* [Exercise material]:
[Start of section]
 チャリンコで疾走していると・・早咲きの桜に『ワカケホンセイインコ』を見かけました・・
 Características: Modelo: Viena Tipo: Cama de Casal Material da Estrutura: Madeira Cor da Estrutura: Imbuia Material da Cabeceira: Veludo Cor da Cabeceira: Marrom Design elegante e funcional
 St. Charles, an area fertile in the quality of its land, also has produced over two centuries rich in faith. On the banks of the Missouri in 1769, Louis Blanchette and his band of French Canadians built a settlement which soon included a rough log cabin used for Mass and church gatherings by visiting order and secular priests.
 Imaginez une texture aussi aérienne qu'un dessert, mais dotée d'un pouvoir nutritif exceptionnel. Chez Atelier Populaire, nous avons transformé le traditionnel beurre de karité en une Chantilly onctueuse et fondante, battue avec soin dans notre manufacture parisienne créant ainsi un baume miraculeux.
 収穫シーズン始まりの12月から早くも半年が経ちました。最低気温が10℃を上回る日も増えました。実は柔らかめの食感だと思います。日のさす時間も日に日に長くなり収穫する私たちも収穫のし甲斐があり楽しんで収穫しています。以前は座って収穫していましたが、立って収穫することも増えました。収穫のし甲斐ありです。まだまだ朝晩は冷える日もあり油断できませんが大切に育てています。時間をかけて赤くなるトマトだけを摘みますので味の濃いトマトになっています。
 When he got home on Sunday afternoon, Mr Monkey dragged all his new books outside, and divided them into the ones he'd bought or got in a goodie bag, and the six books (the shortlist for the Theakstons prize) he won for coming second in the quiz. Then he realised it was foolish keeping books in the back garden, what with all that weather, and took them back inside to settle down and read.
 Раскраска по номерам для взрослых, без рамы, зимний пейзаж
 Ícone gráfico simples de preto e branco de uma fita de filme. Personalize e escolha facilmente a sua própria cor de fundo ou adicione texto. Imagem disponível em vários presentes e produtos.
[End of section]
[Start of section]
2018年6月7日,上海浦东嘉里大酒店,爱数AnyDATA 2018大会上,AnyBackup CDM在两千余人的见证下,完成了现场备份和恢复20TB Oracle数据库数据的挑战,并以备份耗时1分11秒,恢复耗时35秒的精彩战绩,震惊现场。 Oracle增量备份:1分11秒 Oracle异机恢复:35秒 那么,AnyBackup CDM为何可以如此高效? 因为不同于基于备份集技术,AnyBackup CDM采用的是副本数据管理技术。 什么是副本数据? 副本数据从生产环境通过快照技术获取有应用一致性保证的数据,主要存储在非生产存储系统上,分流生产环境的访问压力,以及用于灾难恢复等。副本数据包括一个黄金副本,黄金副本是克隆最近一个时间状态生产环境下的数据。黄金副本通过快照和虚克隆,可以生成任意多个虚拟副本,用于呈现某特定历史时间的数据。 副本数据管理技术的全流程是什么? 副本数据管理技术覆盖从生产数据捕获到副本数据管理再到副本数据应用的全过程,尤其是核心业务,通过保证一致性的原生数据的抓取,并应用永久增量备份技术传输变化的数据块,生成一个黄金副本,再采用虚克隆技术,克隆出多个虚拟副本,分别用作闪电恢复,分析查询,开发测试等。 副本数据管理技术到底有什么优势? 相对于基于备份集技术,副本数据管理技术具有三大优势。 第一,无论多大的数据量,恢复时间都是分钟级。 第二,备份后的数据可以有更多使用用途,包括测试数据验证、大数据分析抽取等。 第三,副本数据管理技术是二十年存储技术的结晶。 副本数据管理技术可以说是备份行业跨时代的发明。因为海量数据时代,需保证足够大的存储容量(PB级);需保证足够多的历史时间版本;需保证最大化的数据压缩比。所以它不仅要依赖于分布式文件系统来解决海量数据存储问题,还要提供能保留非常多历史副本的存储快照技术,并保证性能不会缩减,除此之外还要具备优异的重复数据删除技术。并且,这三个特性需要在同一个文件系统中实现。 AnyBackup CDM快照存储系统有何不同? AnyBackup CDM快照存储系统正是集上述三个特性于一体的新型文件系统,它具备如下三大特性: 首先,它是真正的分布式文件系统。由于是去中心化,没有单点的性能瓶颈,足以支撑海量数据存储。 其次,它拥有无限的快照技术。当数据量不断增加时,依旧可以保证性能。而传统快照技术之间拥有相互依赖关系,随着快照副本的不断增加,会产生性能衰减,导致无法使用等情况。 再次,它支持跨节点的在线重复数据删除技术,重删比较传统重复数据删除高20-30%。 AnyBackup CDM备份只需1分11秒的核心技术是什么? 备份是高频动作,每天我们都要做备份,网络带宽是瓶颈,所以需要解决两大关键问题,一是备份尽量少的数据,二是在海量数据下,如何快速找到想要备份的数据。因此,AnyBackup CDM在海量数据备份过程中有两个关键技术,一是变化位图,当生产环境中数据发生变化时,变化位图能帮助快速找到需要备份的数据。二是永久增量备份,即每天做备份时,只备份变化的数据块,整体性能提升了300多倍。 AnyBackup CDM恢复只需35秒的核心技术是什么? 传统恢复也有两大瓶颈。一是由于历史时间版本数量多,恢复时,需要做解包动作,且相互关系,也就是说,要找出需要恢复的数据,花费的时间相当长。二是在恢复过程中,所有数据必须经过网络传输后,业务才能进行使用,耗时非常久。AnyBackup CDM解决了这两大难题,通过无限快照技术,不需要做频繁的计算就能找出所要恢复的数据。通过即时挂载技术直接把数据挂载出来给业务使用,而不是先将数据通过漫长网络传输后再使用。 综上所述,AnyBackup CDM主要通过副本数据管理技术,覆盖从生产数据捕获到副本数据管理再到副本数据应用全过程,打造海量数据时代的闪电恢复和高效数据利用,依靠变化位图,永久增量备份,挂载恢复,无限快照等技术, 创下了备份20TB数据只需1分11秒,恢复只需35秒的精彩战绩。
[End of section]
* [Assigned task]: Above are the entries. Output exactly the lines beginning with the line that has "When he got" and ending with the line that has "Ícone gráfico simples".

* [Response to the task]:
 When he got home on Sunday afternoon, Mr Monkey dragged all his new books outside, and divided them into the ones he'd bought or got in a goodie bag, and the six books (the shortlist for the Theakstons prize) he won for coming second in the quiz. Then he realised it was foolish keeping books in the back garden, what with all that weather, and took them back inside to settle down and read.
 Раскраска по номерам для взрослых, без рамы, зимний пейзаж
 Ícone gráfico simples de preto e branco de uma fita de filme. Personalize e escolha facilmente a sua própria cor de fundo ou adicione texto. Imagem disponível em vários presentes e produtos.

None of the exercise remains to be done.